Against this backdrop, Flourish Ventures has accelerated its for-profit investments in new platforms and new products relevant for the post-pandemic world: digital services that help gig-economy workers in Mexico and the U.S., smallholder farmers in Indonesia and Kenya, and corner-store owners in Bangladesh, Brazil and Egypt. These innovations can reach more people with better services at far lower costs than the traditional incumbent industry.

As a sector change-oriented investor, we want our individual portfolio companies to be wildly successful. Otherwise, they don’t prove that better ways of serving customers are feasible and viable. But equally importantly, we hope for — and work toward — undeniable demonstration success beyond our own portfolio, at such a scale that incumbents have japan whatsapp number data to follow suit and improve the functioning and performance of the financial system for all.

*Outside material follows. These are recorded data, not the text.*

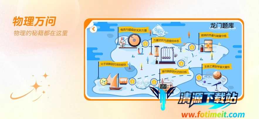 它功能超丰富,首页探索中心有多个核心入口,孩子能自由选学习路径。物理十分通以系列视频课程呈现物理知识,还有图解示范。龙门题库把知识变成冒险地图,闯关巩固学习效果。视频播放讲解清晰,音频故事能让孩子听着爱上科学。荣誉排行榜能让孩子获得勋章,增强成就感。
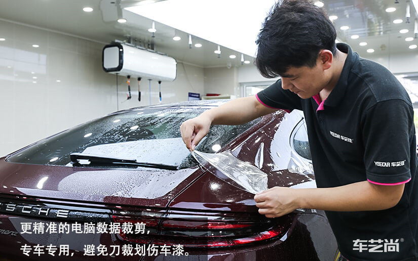 车艺尚隐形车衣贴膜采用超十万原厂车辆数据,电脑裁剪系统,实时更新主流车型数据,不动刀、不拆件、无划痕专业贴膜施工。
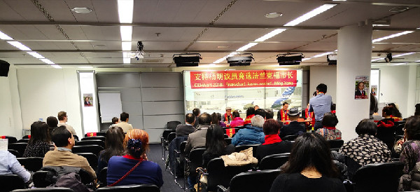 當地時間20日下午,近百名旅居德國法蘭克福的華人在德國法蘭克福機場舉行會議,為首位競選法蘭克福市市長的德國華人楊明先生吶喊助威,組織選票。
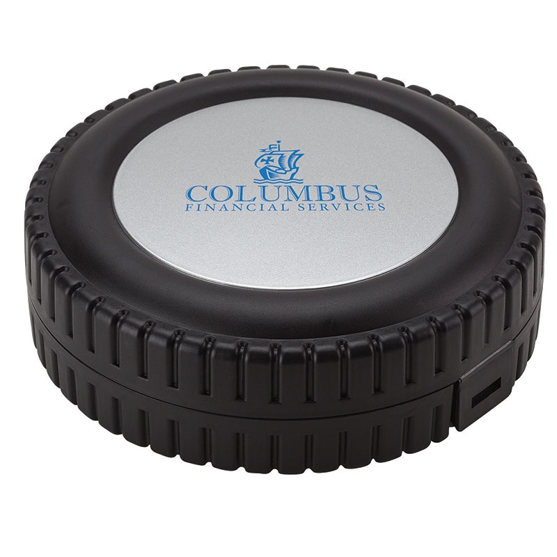 Tire-shaped tool case includes spring-loaded needlenose pliers with cutter, bit driver with 5-piece socket set, 9-piece screwdriver bit and adapter set. Also includes Phillips and flathead mini screwdrivers, 3-piece hex wrench set and a 3 tape measure with inch / metric scale.

2. Change takes more than user-facing services — we need public goods and digital utilities.
While digital disruptors are engines for inclusion, they cannot change sectors without functioning digital infrastructure and modern financial regulation. To build a fairer financial system, our economies need a new alignment among a broader set of stakeholders —including the public, private and development sectors.

Some key elements of a better system, in particular in emerging markets, are likely to be public goods. As the McKinsey research on COVID-19 relief showed, reaching the most vulnerable segments is more efficient in countries with unique digital IDs. Public investments in digital identification, along with regulatory approaches that leverage these investments to meet know-your-customer requirements, can lower costs for everyone.